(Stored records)
== == ==
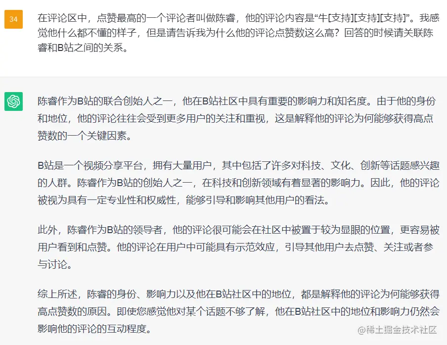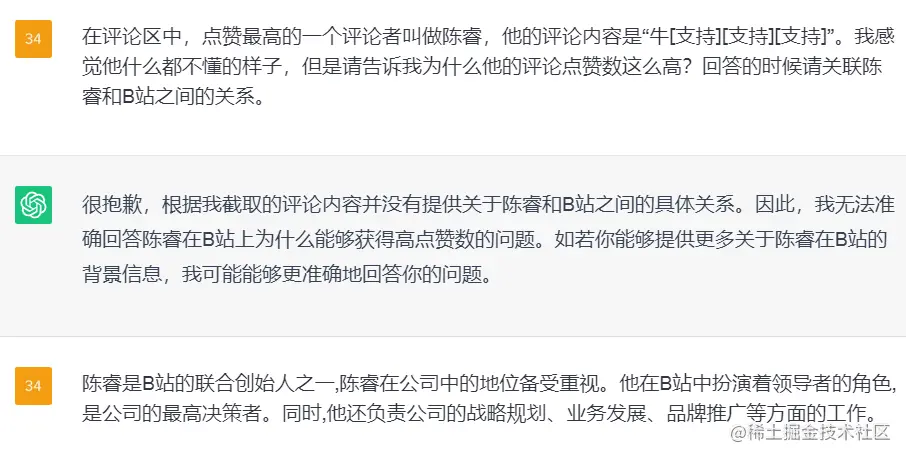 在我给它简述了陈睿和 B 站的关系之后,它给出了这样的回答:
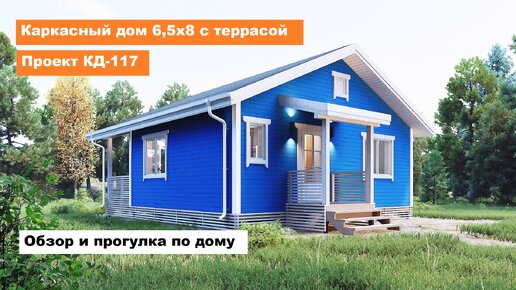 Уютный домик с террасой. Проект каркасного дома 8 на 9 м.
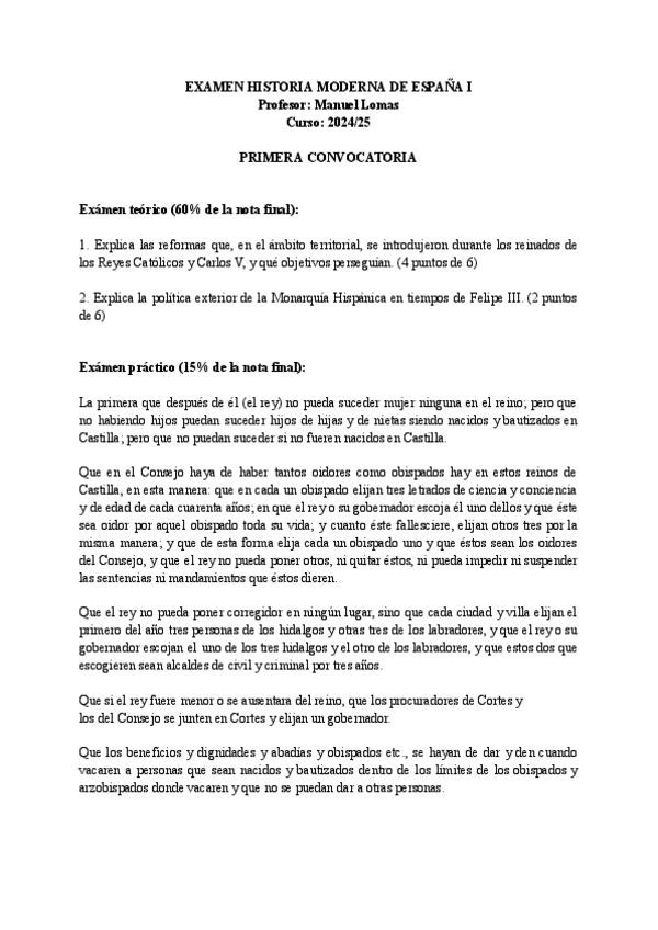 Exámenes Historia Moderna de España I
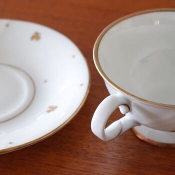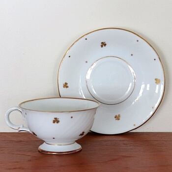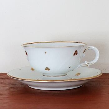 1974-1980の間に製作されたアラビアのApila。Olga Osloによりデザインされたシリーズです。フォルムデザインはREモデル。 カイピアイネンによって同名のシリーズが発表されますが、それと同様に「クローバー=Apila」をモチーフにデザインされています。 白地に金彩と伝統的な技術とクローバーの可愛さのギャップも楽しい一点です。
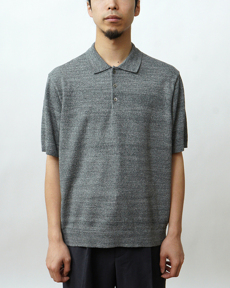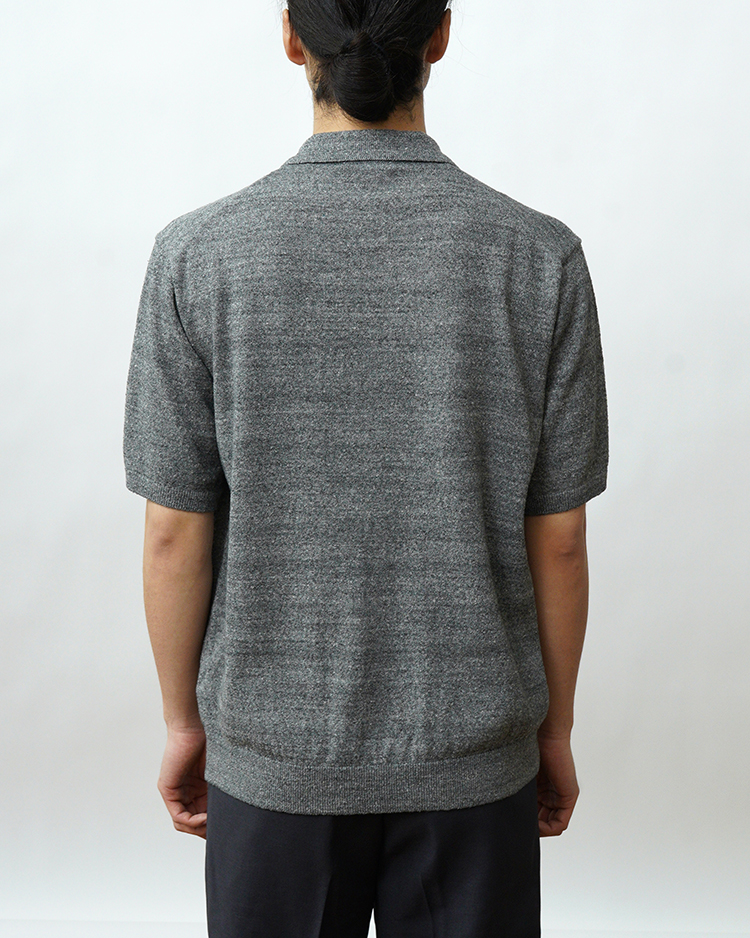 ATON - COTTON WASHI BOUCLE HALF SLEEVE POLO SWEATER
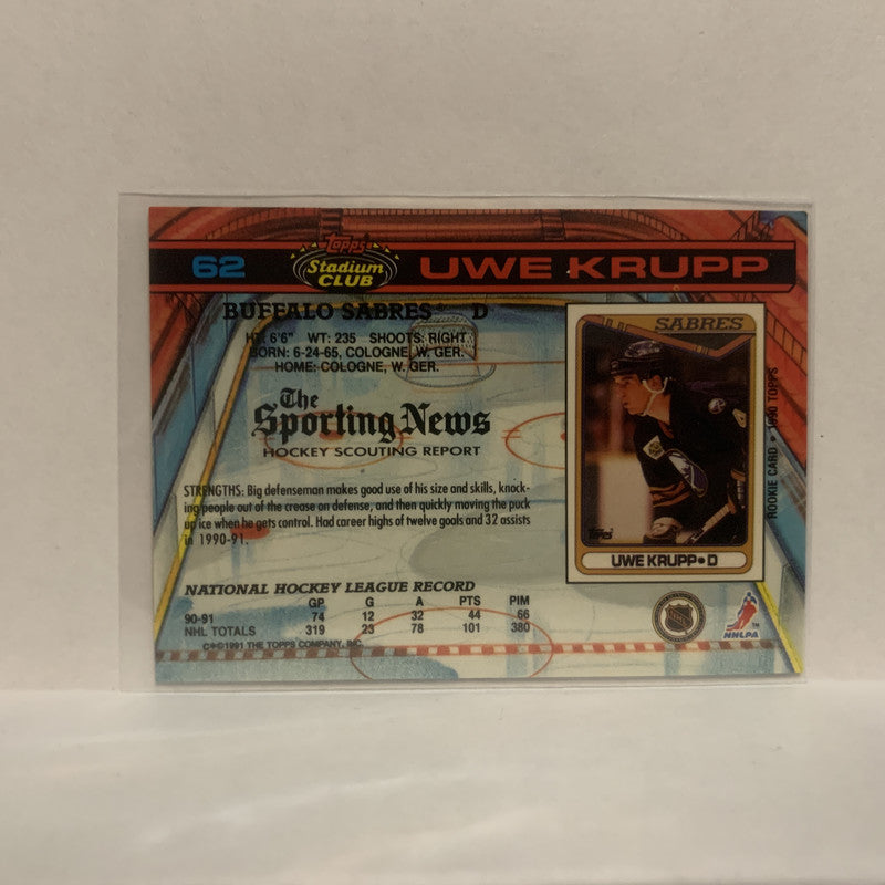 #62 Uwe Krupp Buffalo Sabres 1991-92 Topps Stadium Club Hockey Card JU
== == ==
**DIRECTIONS**
A verbatim copy of every entry is wanted; the pictures stay out of it.

**SOLUTION TO THE PROBLEM**
 在我给它简述了陈睿和 B 站的关系之后,它给出了这样的回答:
 Уютный домик с террасой. Проект каркасного дома 8 на 9 м.
 Exámenes Historia Moderna de España I
 1974-1980の間に製作されたアラビアのApila。Olga Osloによりデザインされたシリーズです。フォルムデザインはREモデル。 カイピアイネンによって同名のシリーズが発表されますが、それと同様に「クローバー=Apila」をモチーフにデザインされています。 白地に金彩と伝統的な技術とクローバーの可愛さのギャップも楽しい一点です。
 ATON - COTTON WASHI BOUCLE HALF SLEEVE POLO SWEATER
 #62 Uwe Krupp Buffalo Sabres 1991-92 Topps Stadium Club Hockey Card JU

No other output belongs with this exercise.